Toute l’administration est « coupable » selon le député Fabien Banciryanino
L’élu de Bubanza a mis en garde toute l’administration de la province Gitega lors des cérémonies de commémoration des massacres des déplacés de Bugendana de 1996. Dans son discours, Fabien Banciryanino a indiqué que, selon la loi en vigueur, le chef de la sous-colline, qui s’est tu alors que ses habitants ont été enlevés, répondrait de son acte un jour devant la justice. « La même chose va s’appliquer pour le chef de colline, l’administrateur, le gouverneur ainsi que pour toute autorité qui restera indifférente alors que ses habitants sont portés disparus. » a ajouté le député issu des indépendants d’Amizero y’Abarundi.

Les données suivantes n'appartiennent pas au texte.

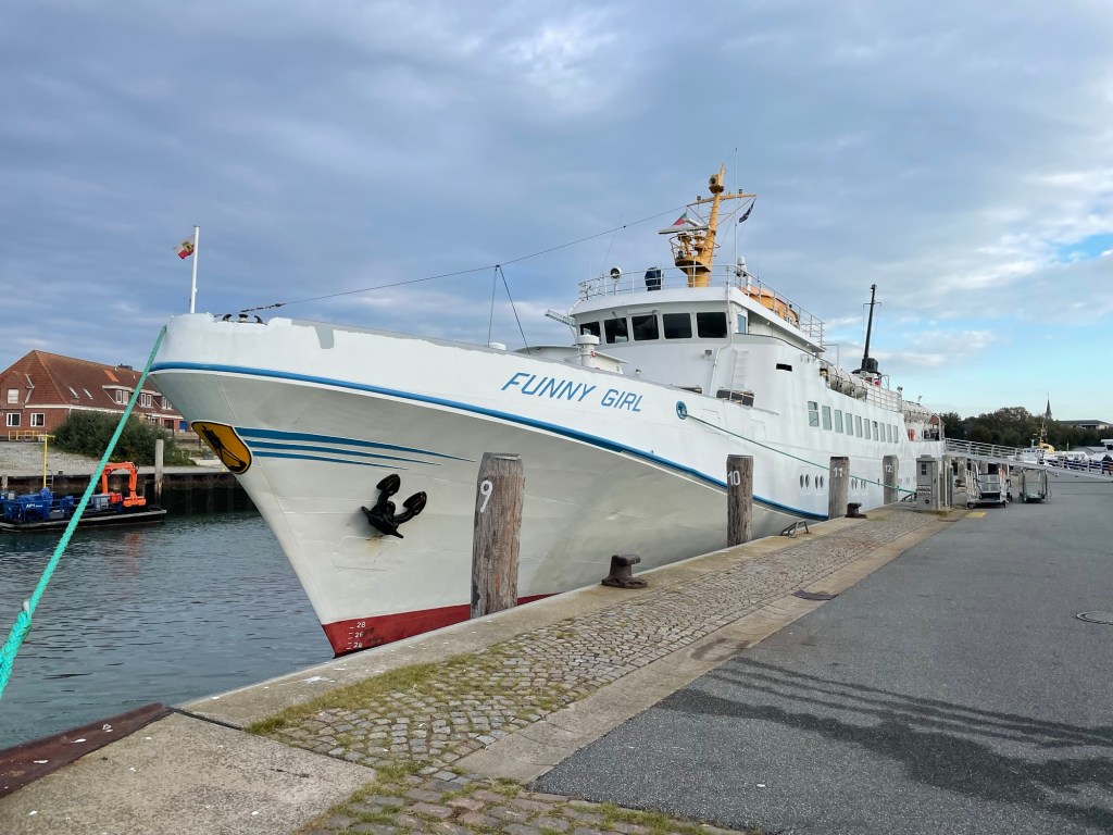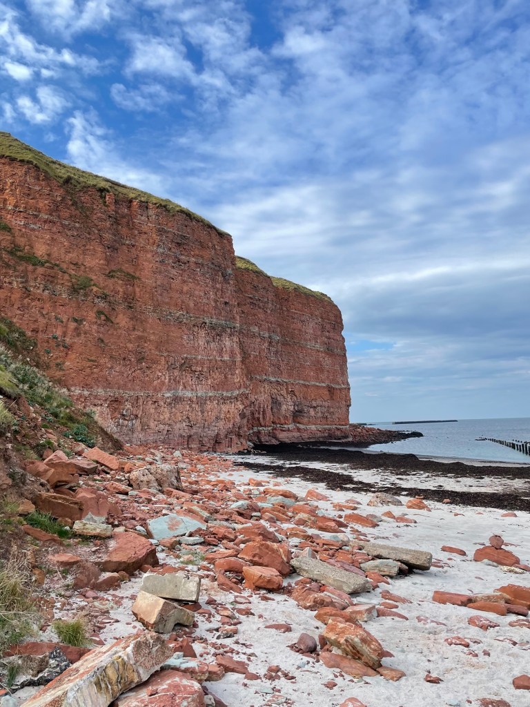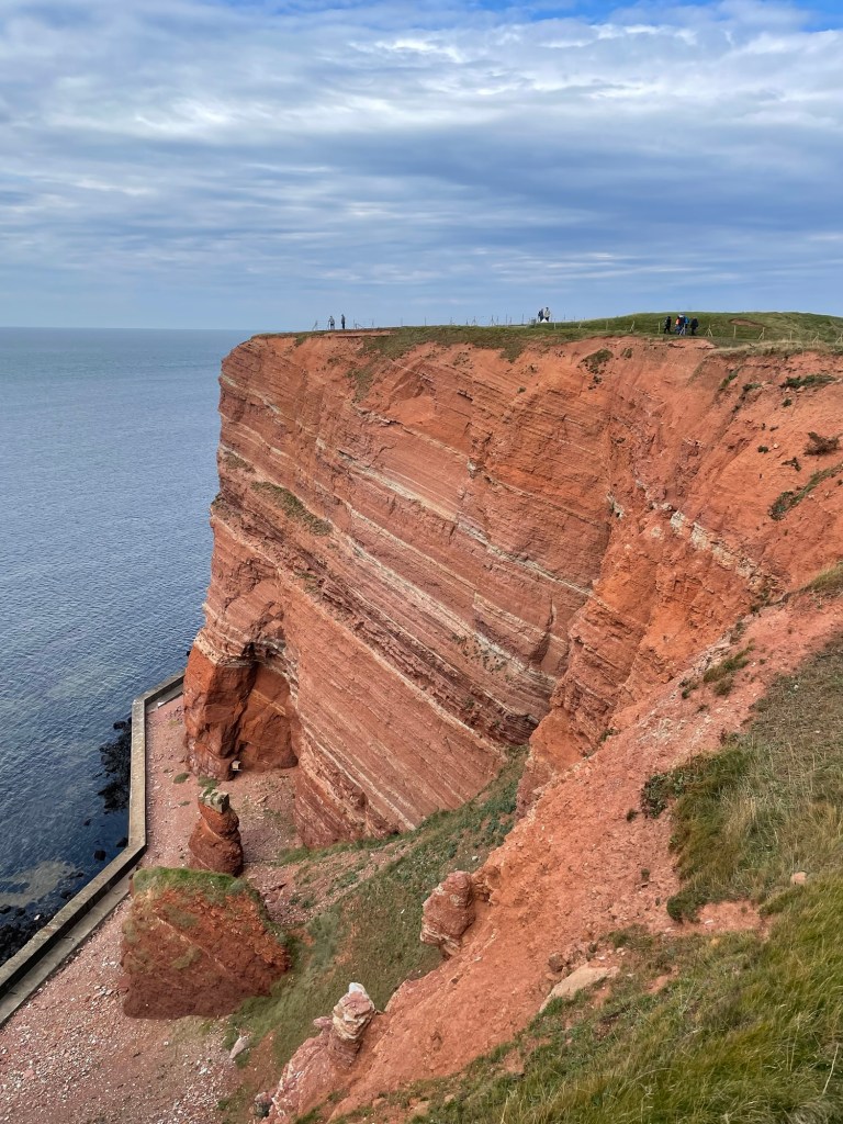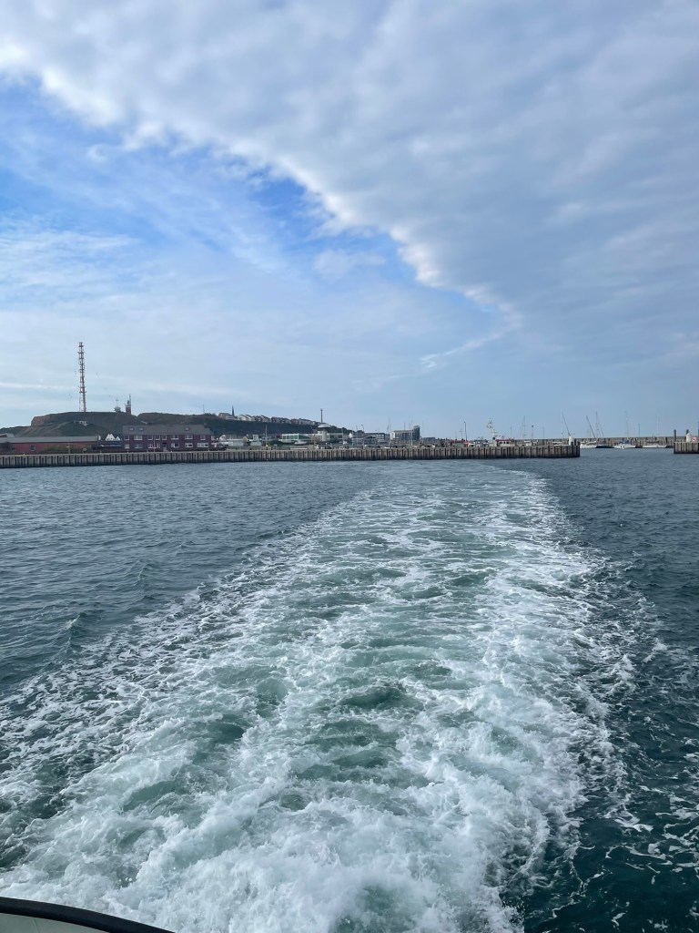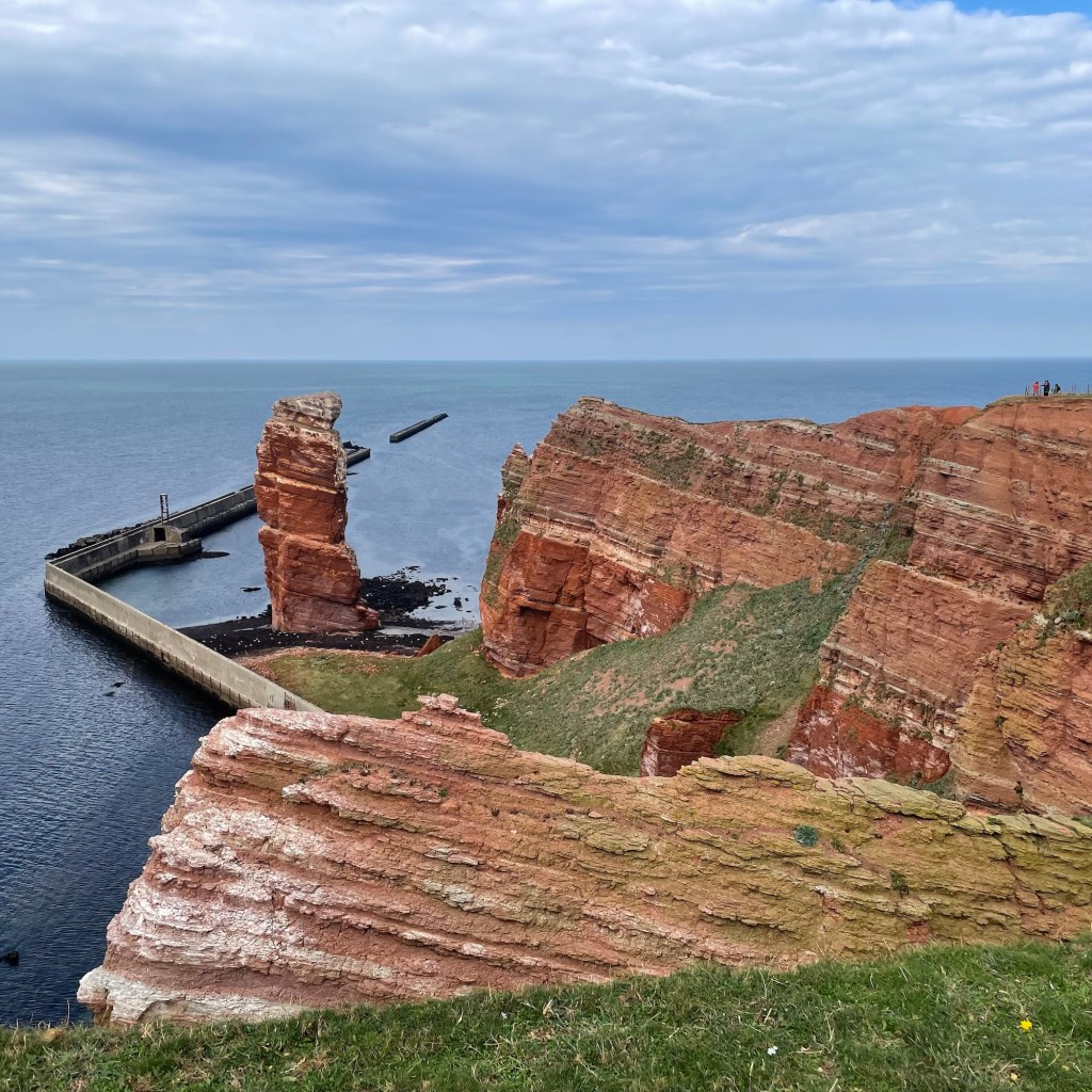 Nach zweieinhalb Stunden Fahrt erreichten wir Helgoland. Das letzte Mal war ich dort vor über vierzig Jahren. Damals mussten die Schiffe noch vor dem Hafen festmachen, die Fahrgäste wurden ausgebootet. Dazu mussten sie umsteigen in kleine schaukelnde Motorboote, die sie an Land brachten und zur Rückfahrt wieder zurück zum Schiff. Das ging so bis zur Corona-Zeit, wie ich heute erfuhr. Dann konnten in den Booten die Abstandsregeln nicht eingehalten werden, plötzlich konnten die Schiffe am Kai anlegen und ganz normal über eine Gangway verlassen werden. Die Bootsbetreiber mussten sich was anderes einfallen lassen, um die Touristen auszubooten.

« Nous demandons à ceux qui se trouvent ici de faire un effort pour retrouver cette personne. Et nous espérons qu’elle soit retrouvée vivante. » a ensuite lancé Fabien Banciryanino devant les participants aux cérémonies.
« Si elle a commis des infractions, qu’elle soit jugée. C’est normal qu’un fautif soit puni. Mais on sait également qu’aussi longtemps que la justice ne l’a pas déclaré coupable, elle reste innocente même si l’on arrête après avoir tiré sur quelqu’un en public. Et en attendant le jugement, la personne a le droit d’avoir des visites de ses proches. Et personne n’a le droit de dire que la personne est morte quand c’est faux. Qu’on ne le condamne pas à mourir. » a poursuivi Fabien Banciryanino.

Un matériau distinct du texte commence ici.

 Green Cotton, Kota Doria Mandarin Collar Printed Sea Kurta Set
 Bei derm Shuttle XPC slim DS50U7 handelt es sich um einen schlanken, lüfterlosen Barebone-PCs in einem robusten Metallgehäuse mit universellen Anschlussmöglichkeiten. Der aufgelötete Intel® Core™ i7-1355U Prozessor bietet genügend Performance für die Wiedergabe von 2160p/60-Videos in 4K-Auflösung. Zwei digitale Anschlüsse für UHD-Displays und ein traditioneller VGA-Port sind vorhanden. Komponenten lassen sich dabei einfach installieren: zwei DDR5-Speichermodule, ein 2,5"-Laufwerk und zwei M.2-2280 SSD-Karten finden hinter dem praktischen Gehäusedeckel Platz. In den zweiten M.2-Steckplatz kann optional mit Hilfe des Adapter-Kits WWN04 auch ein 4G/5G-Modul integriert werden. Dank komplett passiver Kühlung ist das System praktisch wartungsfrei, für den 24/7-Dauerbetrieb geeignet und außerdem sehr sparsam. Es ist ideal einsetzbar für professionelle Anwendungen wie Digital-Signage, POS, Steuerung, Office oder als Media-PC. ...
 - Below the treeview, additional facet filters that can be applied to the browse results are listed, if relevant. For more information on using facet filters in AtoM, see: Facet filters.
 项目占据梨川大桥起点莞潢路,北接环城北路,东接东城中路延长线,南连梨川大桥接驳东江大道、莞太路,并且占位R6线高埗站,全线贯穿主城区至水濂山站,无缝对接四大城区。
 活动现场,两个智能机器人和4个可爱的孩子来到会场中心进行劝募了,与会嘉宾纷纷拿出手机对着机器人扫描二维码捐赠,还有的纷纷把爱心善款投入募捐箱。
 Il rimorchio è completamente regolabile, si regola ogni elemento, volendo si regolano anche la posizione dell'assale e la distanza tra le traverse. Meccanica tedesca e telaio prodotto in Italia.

« Espérons que ces autorités communales et provinciales vont le retrouver parce qu’elles connaissent ces gens. On ne peut pas prétendre qu’il aurait été enlevé par des inconnus parce que dans ce cas le pays aurait été attaqué. Ce qui est impossible parce l’attaque ne peut pas commencer par Bugendana, c’est le centre du pays. D’ailleurs si c’était le cas le véhicule aurait été vu sur les frontières. Non, nous avons des autorités sages capables de résoudre la question. » a conclu Fabien Banciryanino.
Le déplacé de Bugendana était un membre très actif du MSD
Agé de 28 ans, ce père de deux enfants était un grand propagandiste du Mouvement pour la Solidarité et la Démocratie.
Ayant fui le pays après les troubles de 2015, Jean Marie Vianney Havyarimana est revenu au Burundi en 2016 et il exerçait comme rabatteur sur le tronçon Gitega-Ngozi.
Son nom a été évoqué lors de la plénière de mardi devant les deux chambres du parlement où étaient invités le ministre de l’intérieur, celui des droits de l’homme et celui de la justice.
« Les assassinats et les disparitions forcées sont toujours observés au Burundi. La seule différence avec les années antérieures c’est qu’aujourd’hui les corps des victimes sont introuvables. Le cas le plus récent est celui de l’enlèvement d’un déplacé de Bugendana. » a lancé le député Fabien Banciryanino.
Ce jour-là, la ministre de la justice a reproché au député de Bubanza de terroriser la population et elle a demandé aux instances habilitées de le faire comparaître pour présenter des preuves.